The past days I was in Barcelona at the European Human Genetics Conference 2008. After giving my presentation on Ensembl in one of the ‘Educational sessions’ and listening to numerous talks about GWAS (genome-wide association studies), I had a look at the posters. Under the impression that the UCSC Genome Browser is the preferred browser amongst (human) geneticists and with Ewan’s experience at the recent ‘Biology of Genomes’ meeting fresh in my mind, I decided to have a closer look at the posters in the Cytogenetics section.

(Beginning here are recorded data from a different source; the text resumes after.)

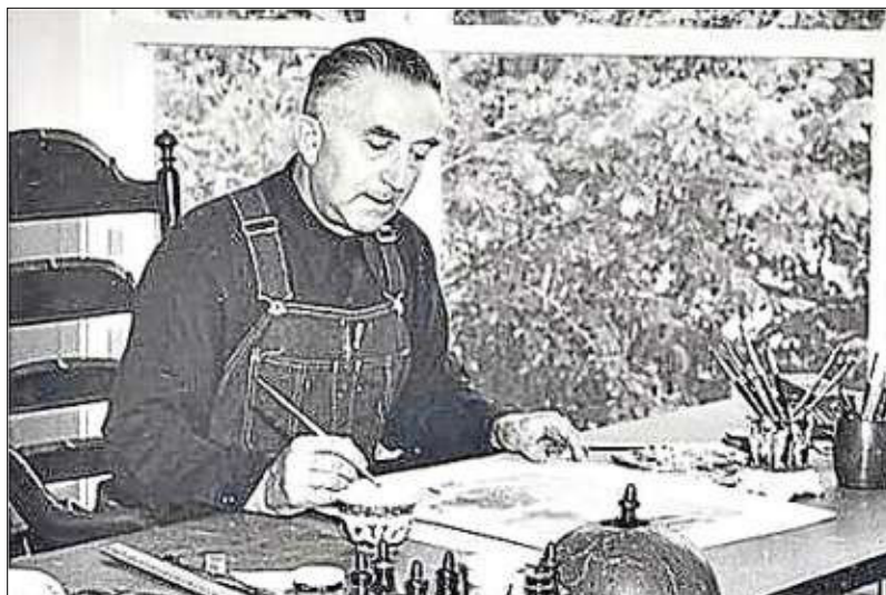
Illustrator Walter Trier und Erich Kästner trafen sich in Salzburg für das neue Buchprojekt.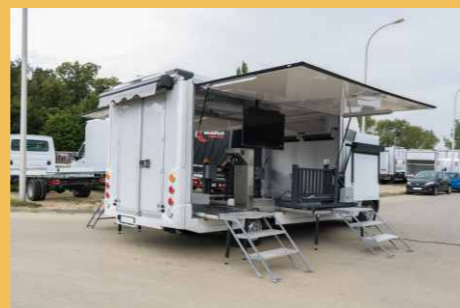
MAN TGE może przyjąć formę mobilnej ekspozycji bazującej na nadwoziu LAMBox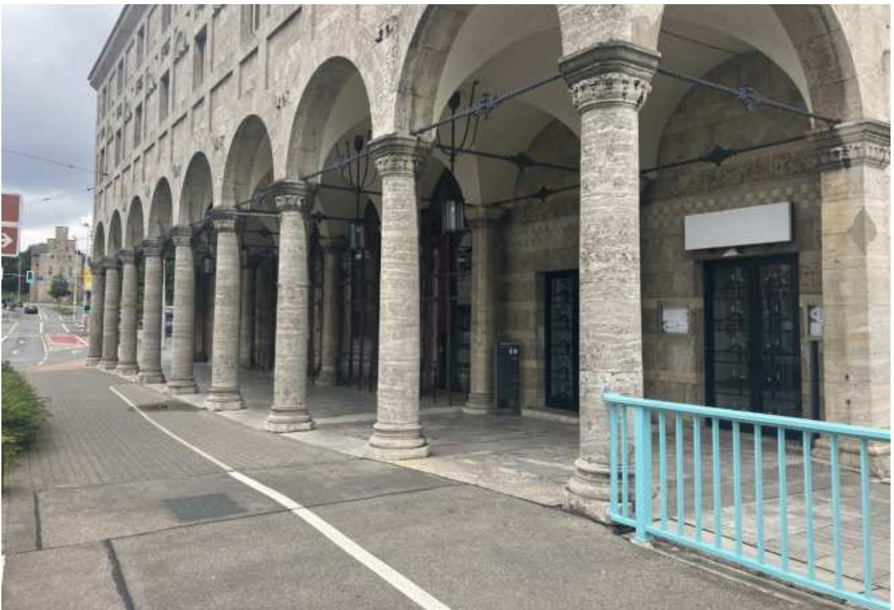
Arkadengang mit angrenzendem Radweg

Out of 189 posters, I could positively identify 11 with Ensembl screenshots (mostly CytoView and ContigView, but also two times KaryoView), 8 with UCSC Genome Browser screenshots and none with NCBI Map Viewer screenshots. OK, I admit that I can recognise almost any pixel copied from our site and may have missed one or two UCSC screenshots, but all in all I thought this was a very encouraging result! Of course we should keep in mind that this was a European conference, mainly attended by European scientists …. I guess I have a bit more screenshot counting to do at the International Congress of Genetics 2008 in Berlin. So, let’s say Ensembl 11 – UCSC 8 is the score at half time …. next month I’ll report back with the final result!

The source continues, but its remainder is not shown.